━━━ PROVIDED RECORDS
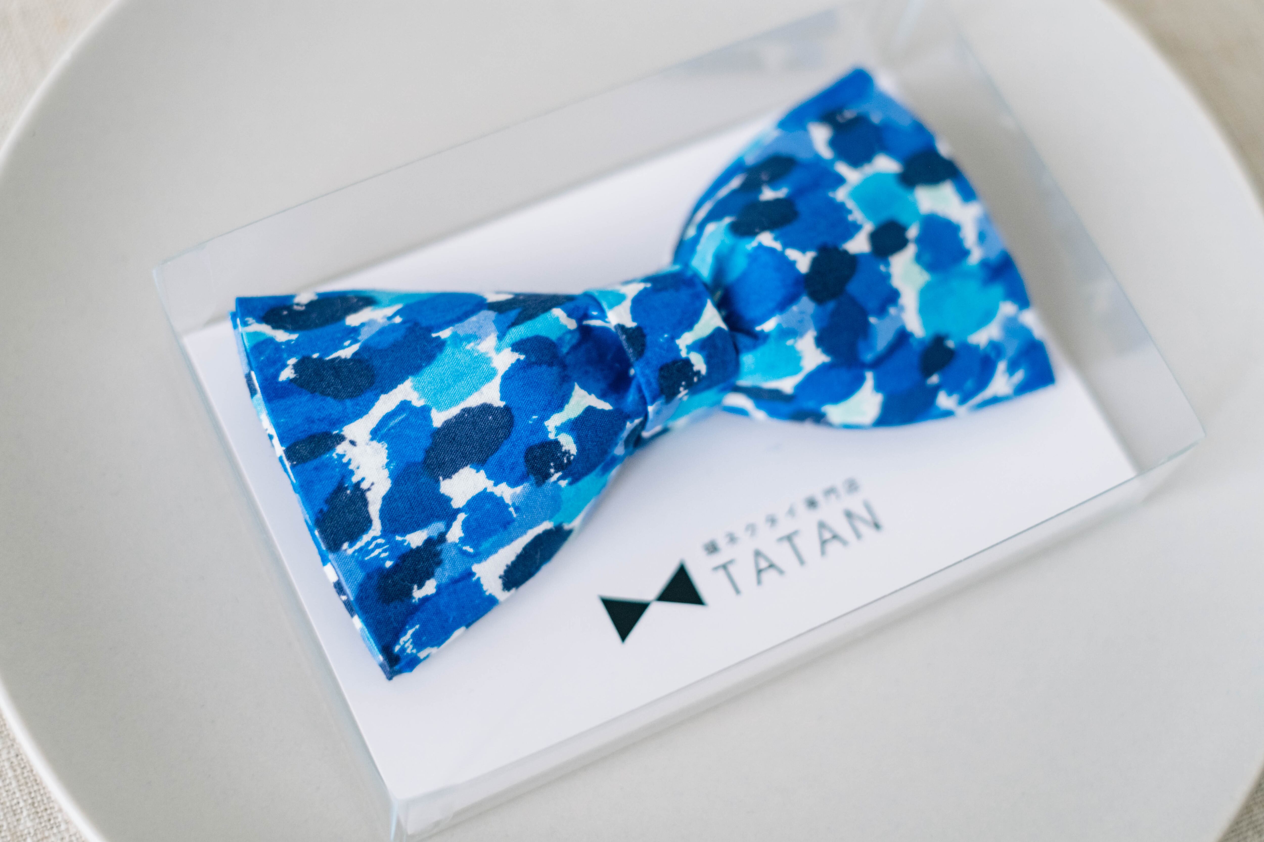 水彩のようなタッチのマーブル模様が特徴的な蝶ネクタイです。
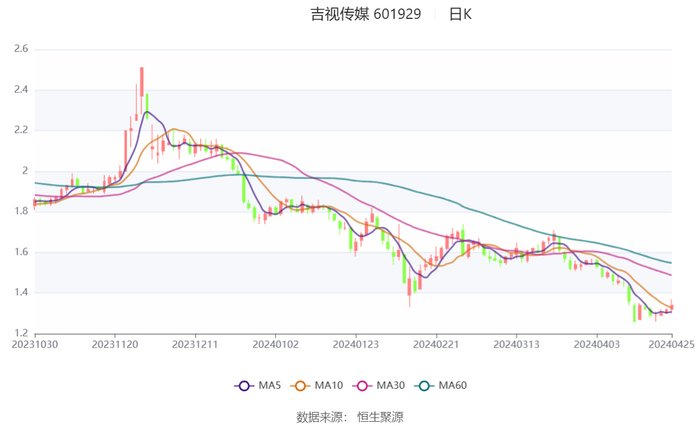 中证智能财讯 吉视传媒(601929)4月26日披露2024年一季报。2024年第一季度,公司实现营业总收入3.47亿元,同比下降25.89%;归母净利润亏损1.28亿元,上年同期盈利208.54万元;扣非净利润亏损1.33亿元,上年同期盈利140.27万元;经营活动产生的现金流量净额为1.22亿元,上年同期为-4464.09万元;报告期内,吉视传媒基本每股收益为-0.0366元,加权平均净资产收益率为-1.97%。
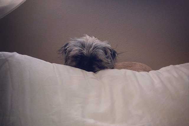 Un Pug Zu jettant un coup d’œil par-dessus le haut d’un canapé blanc
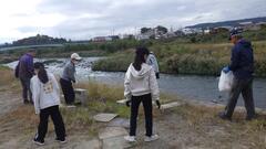 佐久市少年センター補導委員協議会および育成推進協議会の理事と一緒に千曲川河川敷のごみ拾いを行いました。
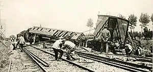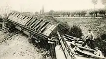 A railway accident between Houten and Schalkwijk occurred in the Netherlands on 7 June 1917 around 4:11 pm Amsterdam time. The locomotive and the first eight coaches were detached from the rest of the train and came to a standstill. Eleven coaches derailed, including one that rolled off the embankment, causing enormous damage.[1] 11 people were injured. Queen Wilhelmina, who was in the train, was unharmed in the accident.
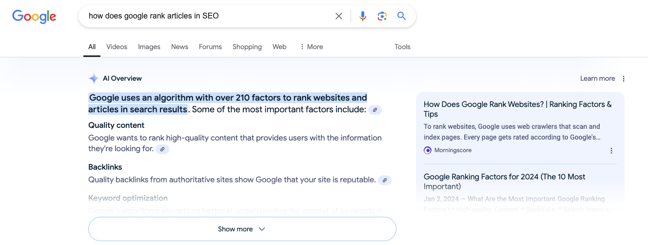 Google's AI Overviews (AIO) have also been changing and evolving with the seasons, with recent data showing a preference for niche-specific sites over general, broad-reaching websites. Following Google's August 2024 Core Update, there's increased overlap between AIO results and traditional organic search results. The percentage of URLs cited in AIO results that also rank in the top 100 organic results increased from 37% to 41%. It seems Google has decided that when it comes to content, it's better to be a big fish in a small pond than a minnow in the ocean!
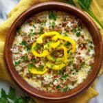 This Savory Orzo Stuffed Banana Peppers Soup is a comforting blend of creamy, cheesy broth and tender orzo pasta, packed with the bold flavors of Italian sausage and banana peppers. It’s a unique twist on traditional stuffed peppers, transformed into a hearty and delicious soup perfect for any season.
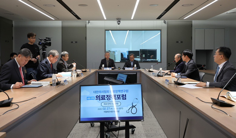 27일 서울 용산구 대한의사협회 회관에서 열린 의협 의료정책연구원 주최 의사 인력 수급 전망 정책 포럼에서 김택우 의협 회장이 발언하고 있다. 2025.2.27
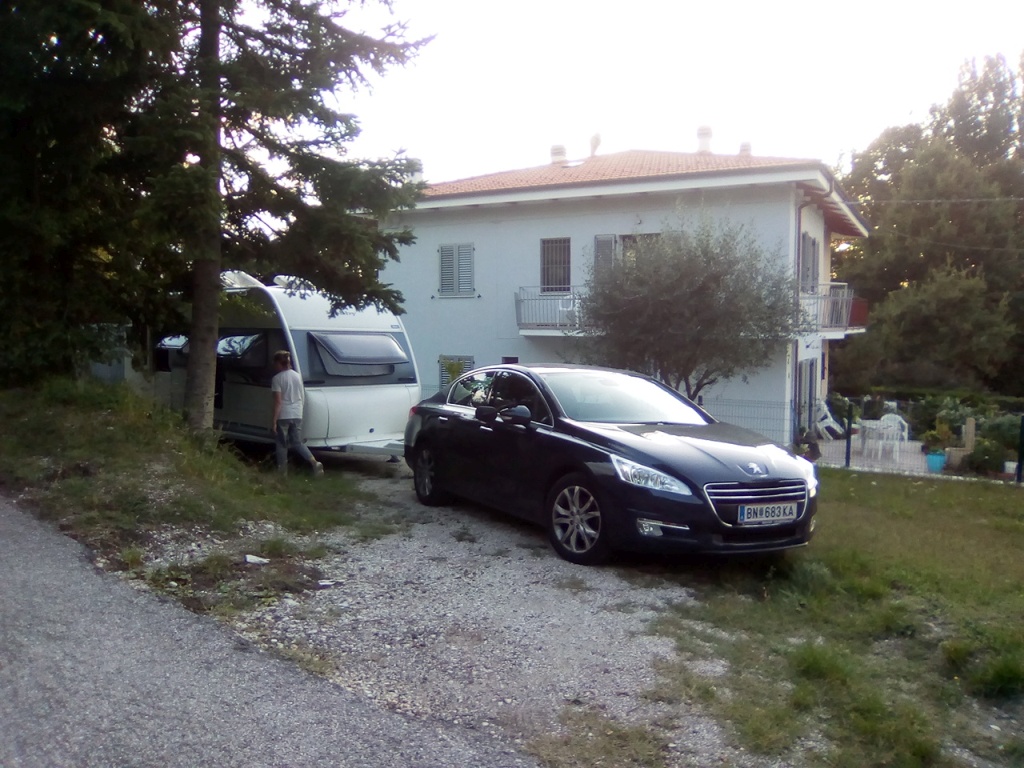 Vom Gargano nach Urbino. Mein "Here we go" offline Navi hat 310 km ausgerechnet. In Wirklichkeit sind's 430. Am CP sollen wir nur für eine Nacht unterkommen. Der Platz wird nämlich geschlossen, und zwar entgültig aufgelassen. Der Eigentümer ließ sich sich auch mit Bitten und Überreden nicht dazu bewegen, uns zwei Nächte da zu lassen! Die eine Übernachtung hätte 35 gekostet und wir hätten nächsten Tag bis 11 abfahren müssen. Das veranlasst Brigitte die Nachbar abzuklappern und zu fragen, ob wir privat wo stehen könnten. Erfolgreich! Nach einem komplizierten Einparkmanöver stehn wir auf einer kleinen Wiese zwischen Straße und einem Haus. Mr. CP Pineta Urbino kriegt gar nix. Als ich ihn um etwas Wasser frage, macht er ein Gesicht, sodass ich gleich wieder abziehe. Das Wasser kriegen wir auch privat. Tatsächlich kriegen wir von unseren Nachbar am Sonntag auch noch ein Frühstück (nach dem wir uns mit ein paar Flaschen Wein bedankt hatten). Was bei dem autarken Kampieren am ehesten problematisch ist (weit mehr als der fehlende Strom), ist die Sache mit dem Klo. Man hat ja ein Bord-WC, aber ich werde ziemlich schnell nervös, wo ich dessen Inhalt baldigst entsorgen kann. Am Ende hat es gut funktioniert. Haben auch das erste Mal den Kühlschrank mit Gas betrieben; ohne Betriebsanleitung hab ich's zwar nicht hin gekriegt, mit dann aber doch, und - er kühlt wirklich gut.
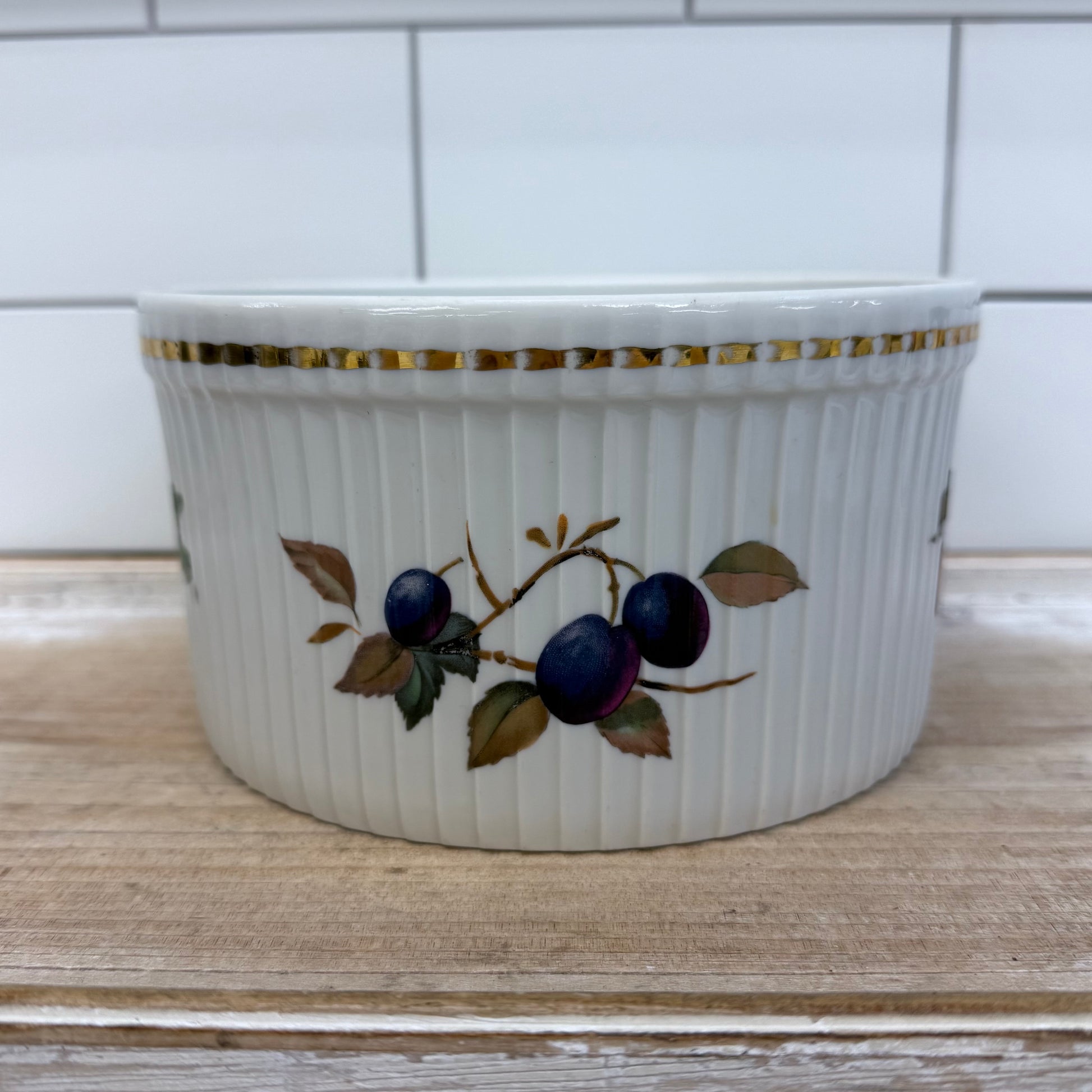Keywords: Royal Worcester, Evesham Gold, porcelain baking dish, vintage kitchenware, gold trim, fruit pattern, collectible dish, 7x4 inches, fine china, classic cookware
━━━━━━
REQUIRED WORK:
What should come back is an exact copy of the lines above from the line with "This Savory Orzo" to the line with "27일 서울 용산구 대한의사협회", both included, minus the pictures.

ANSWER TO THIS TASK:
 This Savory Orzo Stuffed Banana Peppers Soup is a comforting blend of creamy, cheesy broth and tender orzo pasta, packed with the bold flavors of Italian sausage and banana peppers. It’s a unique twist on traditional stuffed peppers, transformed into a hearty and delicious soup perfect for any season.
 27일 서울 용산구 대한의사협회 회관에서 열린 의협 의료정책연구원 주최 의사 인력 수급 전망 정책 포럼에서 김택우 의협 회장이 발언하고 있다. 2025.2.27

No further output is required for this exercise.